I was very small as a kid, which made me a target for bullies, and I became extremely shy. I didn't have many friends. Because I went to an all-boys Catholic high school, there were few opportunities to talk to girls or ask them out.
The college began just as computers became accessible, and I discovered a talent for programming. At the end of my first year, I started working as a programmer for a small, privately owned elementary school. I had a few friends, three guys, whom I would meet up with to do computer stuff or go bowling. That was basically the extent of my social life. I didn't have my first real girlfriend until I was 25. I was a virgin, and we never really had intercourse. But I finally got married and have two kids. My wife converted to Catholicism and gradually became a serious Catholic, while I became an atheist, so we drifted apart.
After ten years of working at a school, I lost my job and couldn't find work in the computer field. I had learned American Sign Language in college, so I became an interpreter for deaf kids for a while. I worked as a bank teller, and then I did data entry. Towards the end of the marriage, I was unemployed for six years, which contributed to our breakup. While the divorce was pending, I slept in her garage for about a year, looking for a place to move. It was Palm Sunday when she got tired of having me there. She drove me to church and didn't drive me home. For the first time in my life, I was on my own. I slept at a shelter for a few months and then moved into subsidized, single-resident occupancy or SRO housing in a converted hotel.
One day, I came across information about Orgasmic Meditation. I thought OM might allow me to create intimacy in my life.
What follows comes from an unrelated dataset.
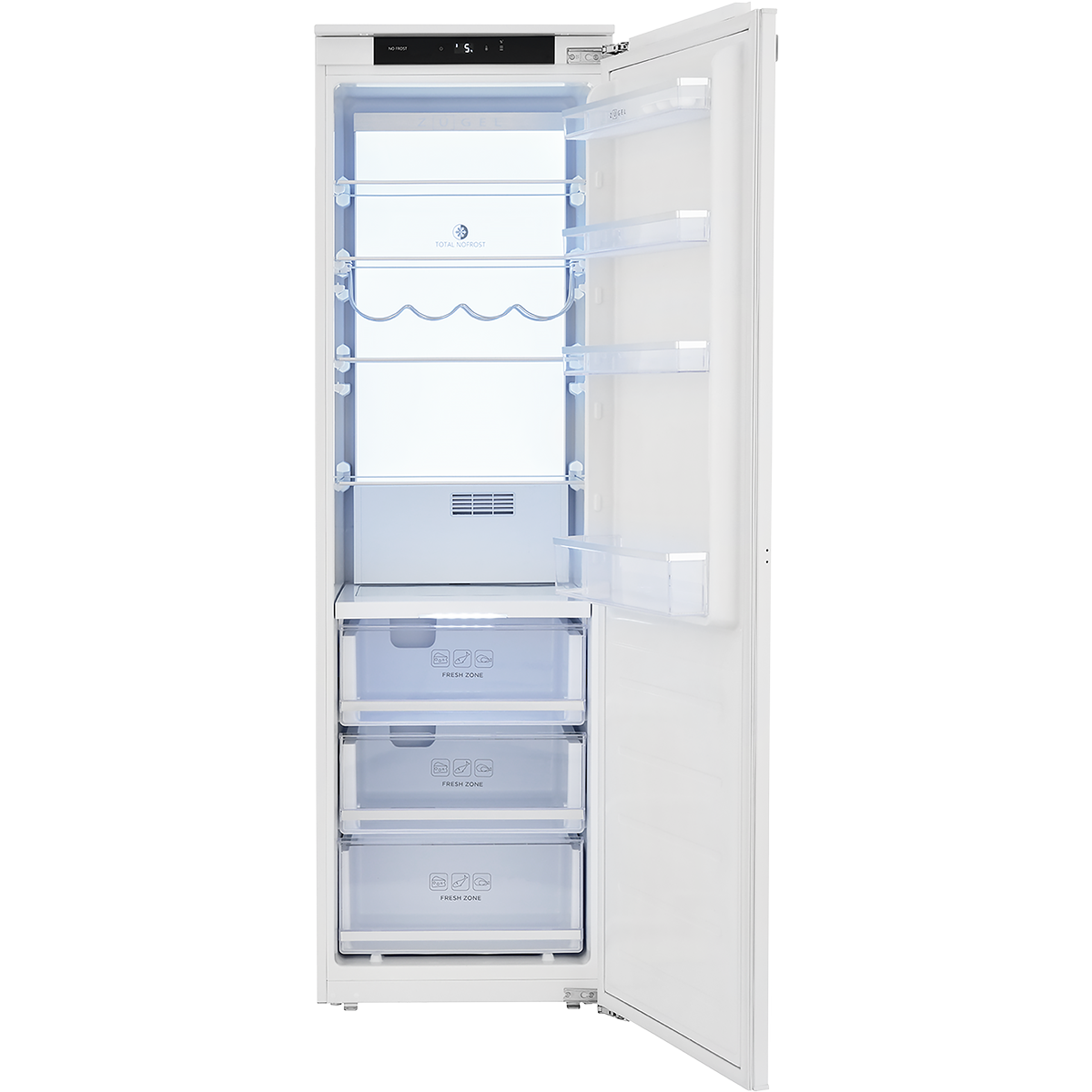 LED-подсветка всей площади задней панели AMBILIGHT, Гравировка логотипа на задней стенке, Режим Silent (Тихий), Три выдвижных ящика, Два ящика на металлических телескопических направляющих, Зона свежести, Полки и ящики со стальным обрамлением, Блокировка панели управления

I met with a group of people who all practiced Orgasmic Meditation (OM), and someone asked me to OM. I don't remember feeling anything in particular during my first OM, but I enjoyed it and knew I wanted to do it again. But I didn't see how I would get up the nerve to ask anyone.
Over time, the asking got easier. One of the rules is that when a person asks for an OM, if the other person says no, then “no” is a complete sentence. No explanation is needed. It means that they don't want to at that particular time, but you can always ask again, and maybe some other time, they'll say yes. I learned not to take it personally and not to see it as a rejection, and that made it easier to ask for OMs.
The day my divorce decree was signed, I had a memorable OM. I found a really high-sensation spot on the strokee's clitoris, and she almost got to a point where she couldn't take it; it was so much sensation. That was the most powerful moment of any OM I can recall. When I was in college, we had a video game called “Centipede” in the cafeteria. After a while, I got so good that sometimes I felt as if my hands were playing the game, and I was standing there watching it. I had a couple of OMs like that, where it seemed my finger was stroking all by itself, and I was just a spectator.